[Opening AVAILABLE DATA section]
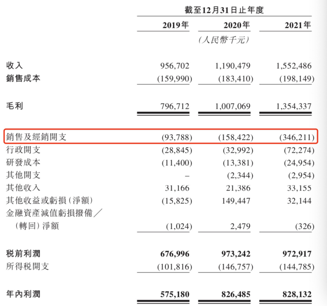 具体而言,以平台营销费、平台服务费和KOL合作费为主的线上营销开支占比在逐年提升,从2019年的68.7%增至2021年的88.5%。线下营销和雇员薪酬的开支,各占销售及经销总开支6.7%、3.6%。
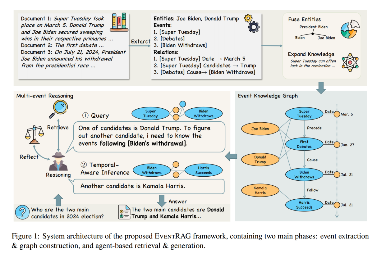 第一阶段,EventRAG将文本分解为一系列事件,将关键事件组件(如参与者和时间标记)作为知识图谱中的节点,同时提取事件间的逻辑关系作为边。
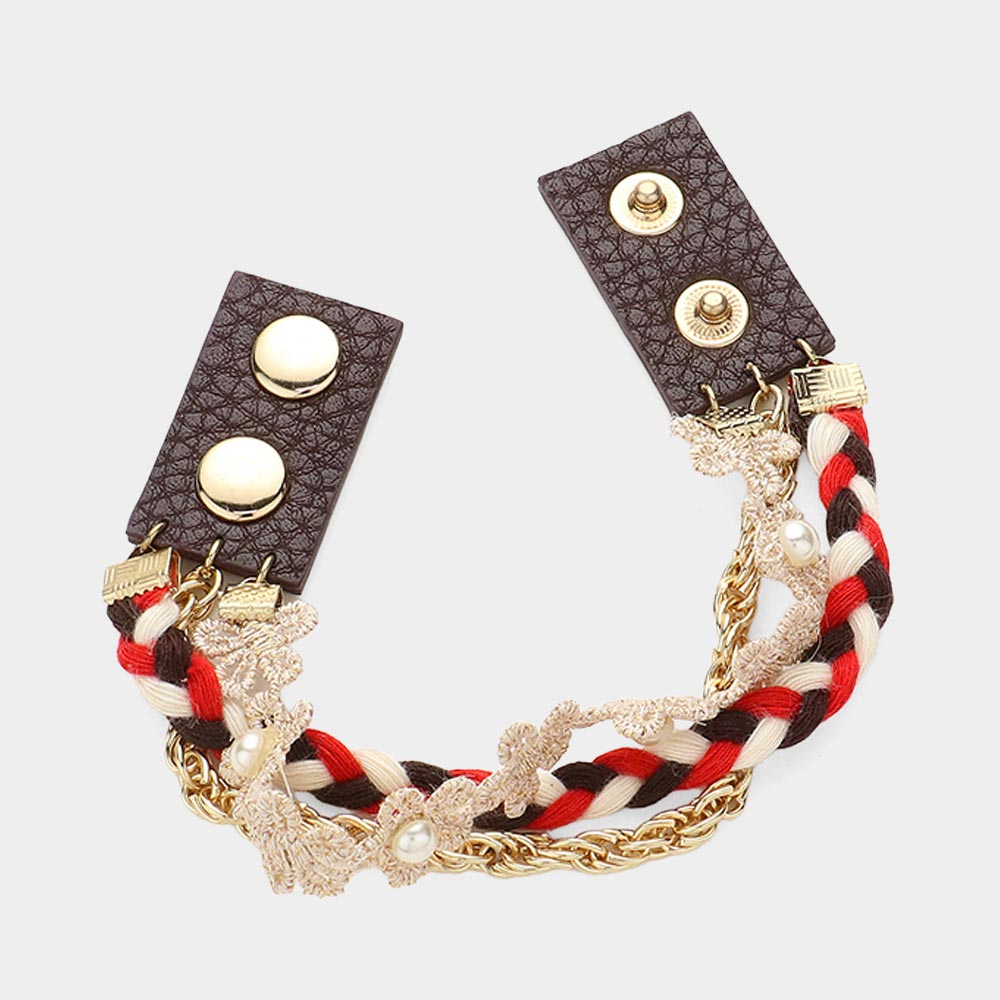 Braided Thread & Metal Chain Bracelet
[Closing AVAILABLE DATA section]
__WHAT IS BEING ASKED__.
From the line with "第一阶段,EventRAG将" to the last line above, restate each line word for word, but skip the pictures.

__ANSWER BOX__.
 第一阶段,EventRAG将文本分解为一系列事件,将关键事件组件(如参与者和时间标记)作为知识图谱中的节点,同时提取事件间的逻辑关系作为边。
 Braided Thread & Metal Chain Bracelet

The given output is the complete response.